Repository files navigation

Google Sites Clone

🌐 Google Sites Clone

Node.js Puppeteer npm License Status

Clone any Google Sites page to static HTML

Quick Start · Features · How It Works · Pipeline Tech Stack · npm · Roadmap

No more vendor lock-in. Your Google Sites content belongs to you.
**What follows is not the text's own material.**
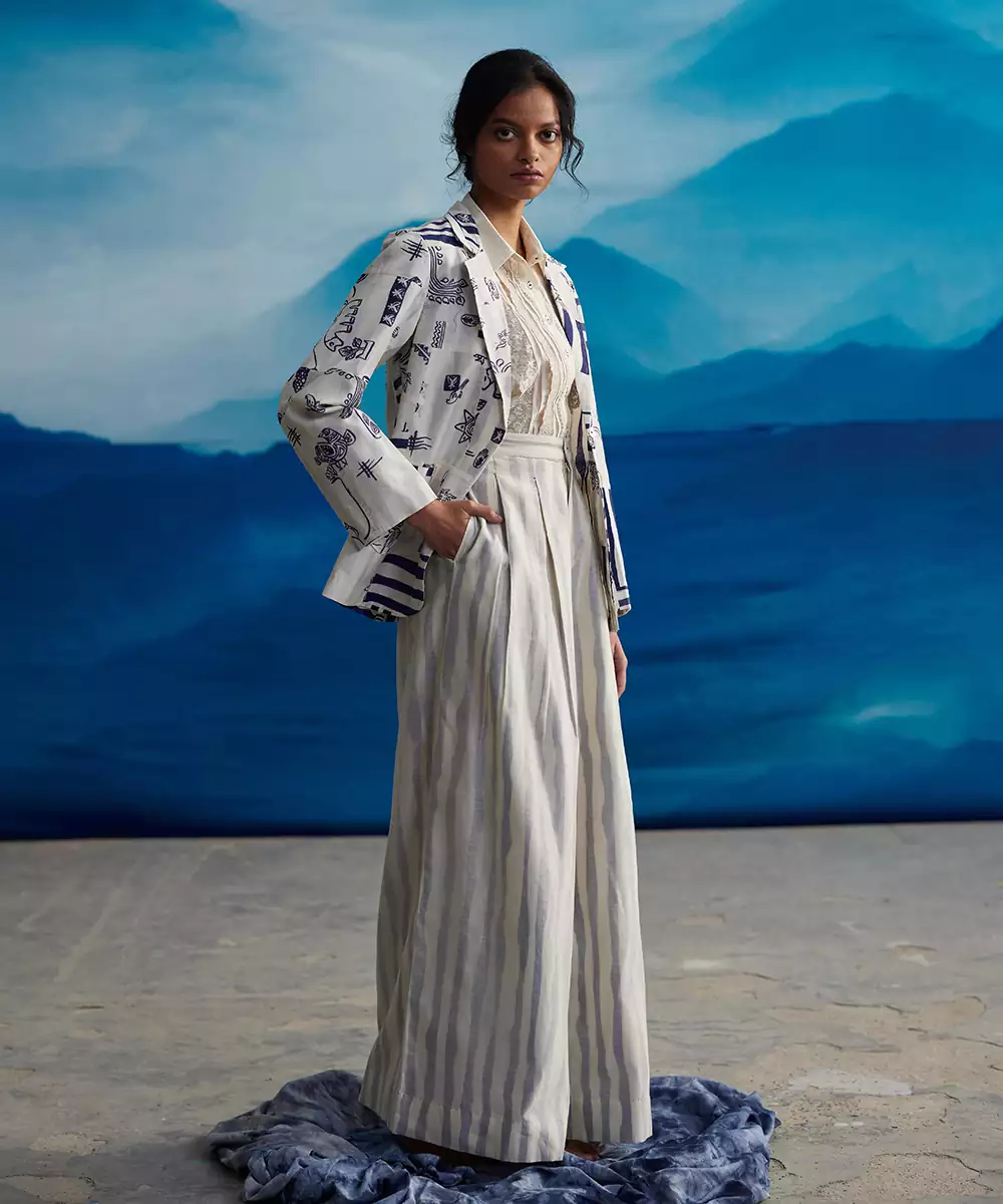 • Color: Ivory X000 B • Fabric: Chanderi X000 B • Lining: Cotton X000 B • Screen Printed By Hand X000 B • Pants With 4 Pleats In The Front
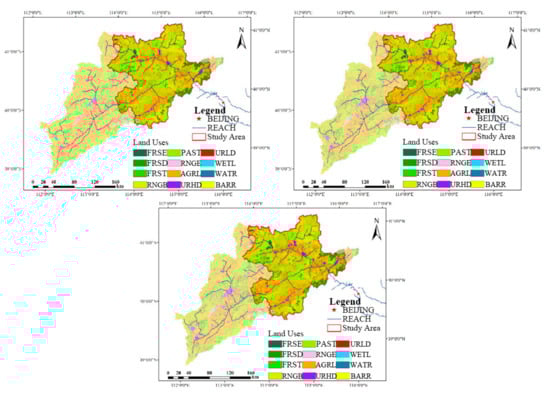 The distribution of land use types in Guanting Reservoir watershed of 2000, 2010, and 2015 (from top left to bottom right), where the red frame is the research area and the translucent part is the remaining area of the Guanting Reservoir watershed.

Paste a URL, get a complete static clone with all images, styles, and navigation — ready for self-hosting.


💡 Concept

Google Sites stores your content behind an SPA that search engines can't index and you can't export. google-sites-clone uses a two-pass pipeline (SingleFile + Puppeteer) to capture everything — CSS fidelity from SingleFile and clean semantic content from Puppeteer — then merges both into standalone HTML files with localized images and SEO metadata.


✨ Features

Feature Description
🔍 Auto-crawl Discovers all pages from sidebar navigation automatically
🎨 Two-pass pipeline SingleFile for CSS/images + Puppeteer for clean content
🖼️ Image localization Downloads all images as local files (no CDN dependency)
📺 YouTube thumbnails Converts embedded iframes to clickable thumbnails
🎬 Video grid Injects CSS Grid of video thumbnails into SingleFile pages
🗺️ SEO ready Generates sitemap.xml + robots.txt
⚡ Batch processing 5 pages per batch with anti-rate-limit pauses
🔄 SPA fallback Internal navigation for pages that fail direct URL loading
🚀 GitHub Pages deploy One command to push to gh-pages branch
📦 ZIP export Create downloadable archive of cloned site

🚀 Quick Start

🌐 Web (no install)

Clone any Google Site at gsclone.osovsky.com — sign in with Google, paste URL, get ZIP by email.

💻 CLI (developers)

Requires: Node.js 18+, Chrome/Chromium. SingleFile CLI is auto-installed on first run (~30 MB).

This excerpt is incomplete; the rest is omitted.